At last he escaped to Manhattan, returning to his little room on Hudson Street and an old dilemma. “I can't get a WPA job because I can't get on relief because I can't establish residence,” he wrote Cowley. “And there don't seem to be any other jobs.” As the holiday season drew near, he tried to get work at a department store; however, after a long day of waiting in line with other applicants, he shook so badly from hunger and fatigue that he flunked the interview. At this decidedly low point, Walker Evans hired him as a darkroom assistant at twenty dollars a week. The photographer had just been given the enormous job of filling some sixty portfolios with images from the African Negro Art exhibition at the Museum of Modern Art. He'd hired a Dutch artist named Peter Sekaer as his second-in-command, and (once the actual photo-taking was done) reinstalled Cheever in his Bethune Street studio with many, many prints to wash and hang in the bathroom. Then Evans left town (“to chase some woman in Tennessee,” as Dodie Merwin recalled), and Cheever was alone again in a dingy basement. “I'm not doing the work I should do and I feel like hell,” he wrote in mid-November. A few weeks later the electricity was cut off, since Evans had neglected to pay the bill. Cheever typed by the light of a plumber's candle. “[P]oor John can't sit over there in the dark,” Sekaer appealed to Evans; “and anyway there are something like 50 more prints to be done.”

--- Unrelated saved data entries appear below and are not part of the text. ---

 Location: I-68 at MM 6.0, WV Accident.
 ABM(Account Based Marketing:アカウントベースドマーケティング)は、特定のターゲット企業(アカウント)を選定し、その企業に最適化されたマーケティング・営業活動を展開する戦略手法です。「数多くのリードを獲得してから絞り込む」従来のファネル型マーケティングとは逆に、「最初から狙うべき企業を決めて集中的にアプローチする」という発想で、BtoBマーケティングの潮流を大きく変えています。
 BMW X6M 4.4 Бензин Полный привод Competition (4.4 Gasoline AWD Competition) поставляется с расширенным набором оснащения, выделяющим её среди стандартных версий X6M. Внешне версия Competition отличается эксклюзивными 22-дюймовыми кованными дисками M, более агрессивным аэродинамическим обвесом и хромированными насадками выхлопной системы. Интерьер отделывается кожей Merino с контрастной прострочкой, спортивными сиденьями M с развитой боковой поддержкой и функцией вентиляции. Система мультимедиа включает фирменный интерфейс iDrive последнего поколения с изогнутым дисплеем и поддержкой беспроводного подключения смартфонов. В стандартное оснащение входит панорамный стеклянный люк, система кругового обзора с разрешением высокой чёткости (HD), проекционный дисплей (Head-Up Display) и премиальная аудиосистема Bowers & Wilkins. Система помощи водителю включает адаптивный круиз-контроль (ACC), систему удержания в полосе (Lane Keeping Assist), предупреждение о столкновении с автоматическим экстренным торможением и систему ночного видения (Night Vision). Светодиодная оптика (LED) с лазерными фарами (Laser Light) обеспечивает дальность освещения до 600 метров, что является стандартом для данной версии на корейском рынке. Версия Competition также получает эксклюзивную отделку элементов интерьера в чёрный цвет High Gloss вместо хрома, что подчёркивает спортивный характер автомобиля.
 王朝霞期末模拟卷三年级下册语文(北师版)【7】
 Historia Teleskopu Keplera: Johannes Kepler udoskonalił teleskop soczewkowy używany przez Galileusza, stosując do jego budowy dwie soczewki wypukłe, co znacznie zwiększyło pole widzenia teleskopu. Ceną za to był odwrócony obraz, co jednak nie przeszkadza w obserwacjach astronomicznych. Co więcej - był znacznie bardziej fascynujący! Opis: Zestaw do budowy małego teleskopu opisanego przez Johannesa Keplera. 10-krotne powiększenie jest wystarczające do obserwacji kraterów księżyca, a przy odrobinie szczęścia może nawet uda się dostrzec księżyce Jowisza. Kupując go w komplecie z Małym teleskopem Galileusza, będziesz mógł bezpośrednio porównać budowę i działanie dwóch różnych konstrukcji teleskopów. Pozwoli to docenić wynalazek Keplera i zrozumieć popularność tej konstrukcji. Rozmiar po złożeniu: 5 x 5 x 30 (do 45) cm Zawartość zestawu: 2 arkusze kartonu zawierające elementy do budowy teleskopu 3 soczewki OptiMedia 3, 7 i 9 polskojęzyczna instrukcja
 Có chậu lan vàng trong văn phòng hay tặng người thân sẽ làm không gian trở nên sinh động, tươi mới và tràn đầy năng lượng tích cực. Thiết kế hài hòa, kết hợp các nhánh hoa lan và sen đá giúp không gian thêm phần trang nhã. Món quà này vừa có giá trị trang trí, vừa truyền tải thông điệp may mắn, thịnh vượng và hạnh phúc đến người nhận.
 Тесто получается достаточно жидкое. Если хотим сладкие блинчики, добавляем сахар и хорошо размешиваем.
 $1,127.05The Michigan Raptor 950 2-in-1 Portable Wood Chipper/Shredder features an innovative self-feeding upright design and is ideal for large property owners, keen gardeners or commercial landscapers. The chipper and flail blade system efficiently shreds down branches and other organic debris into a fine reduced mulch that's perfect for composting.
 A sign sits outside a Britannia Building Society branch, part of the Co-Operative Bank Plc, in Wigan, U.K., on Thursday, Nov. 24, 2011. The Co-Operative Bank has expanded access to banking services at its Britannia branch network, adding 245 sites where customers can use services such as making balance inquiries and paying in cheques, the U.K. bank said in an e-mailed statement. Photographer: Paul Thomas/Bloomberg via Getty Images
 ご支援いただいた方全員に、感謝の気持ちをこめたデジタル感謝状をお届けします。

Such privations did not affect Cheever's politics much. Over the course of the next year, as civil war raged in Spain, many of his leftist friends became even more engagé—forming Marxist reading clubs and joining the Lincoln Brigade to assist the Loyalists against Franco. Cheever was sympathetic but aloof, and in the radical atmosphere of the Village and Yaddo he was often berated for his attitude. “C'mon, Cheever, join up!” said the artist Anton Refregier, but Cheever responded to all such appeals with the same pleasant demurral, and managed as ever to keep most of his friends.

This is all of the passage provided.